Reliable recycling and waste management service requires efficiency and adaptability. Maintaining and improving that efficiency and responsiveness is vital to meeting customers’ needs while maintaining a cost-effective operation. To remain successful, material monitoring and tracking processes must stay consistent. Better tracking leads to more efficient service and satisfied customers, both of which provide a healthier bottom line.
Many industries have turned to an advanced tracking and tracing solution using radio frequency identification (RFID) technology as part of their material management systems. RFID uses tags that are placed inside of objects to relay information to transceivers (also called readers or integrators) through radio signals. This technology is an alternative method to using barcodes for data collection and material tracking.
Although barcode systems are suitable for some applications, RFID technology can make truck route efficiency, customer satisfaction, bin weighing, bin monitoring, data management and other operational requirements easier.

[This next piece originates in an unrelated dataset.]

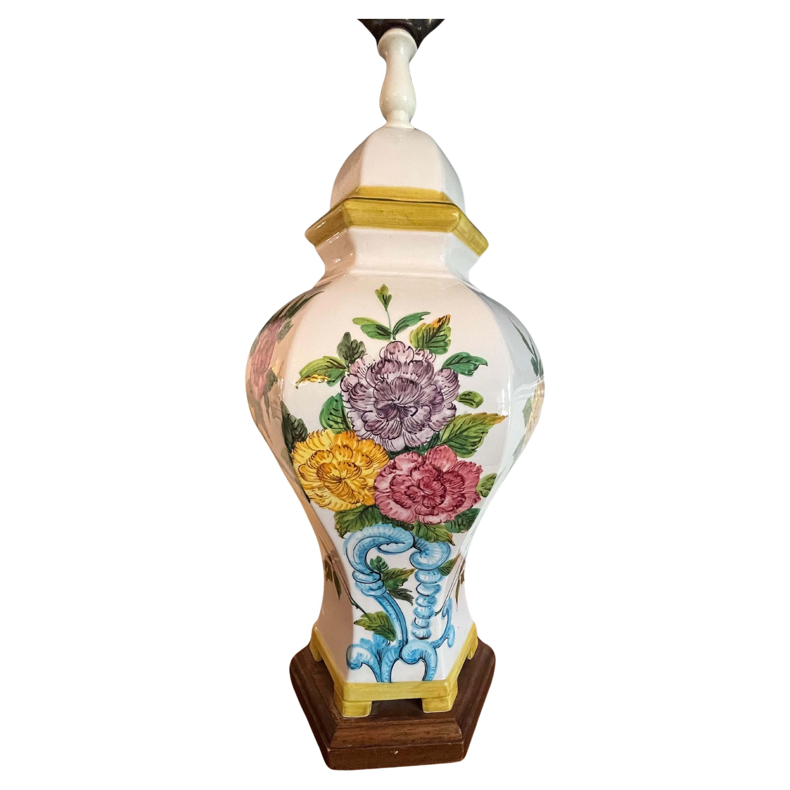 A bold and sculptural ceramic table lamp from the 1980s, featuring a high-gloss glaze and richly hand-painted botanical motif in olive greens, earthy browns and soft ochres. The gene...

Comparing RFID with Barcodes
Barcodes are optical, machine-readable data representations. They are tags that hold data about, and are positioned outside of, a particular object. Initially, data about that object were formed into barcodes (linear or one-dimensional shapes forming a pattern unique to that set of data), which would be scanned and read. Now, barcode information is relayed not only through one-dimensional shapes but also through rectangles, dots, hexagons and other two-dimensional shapes.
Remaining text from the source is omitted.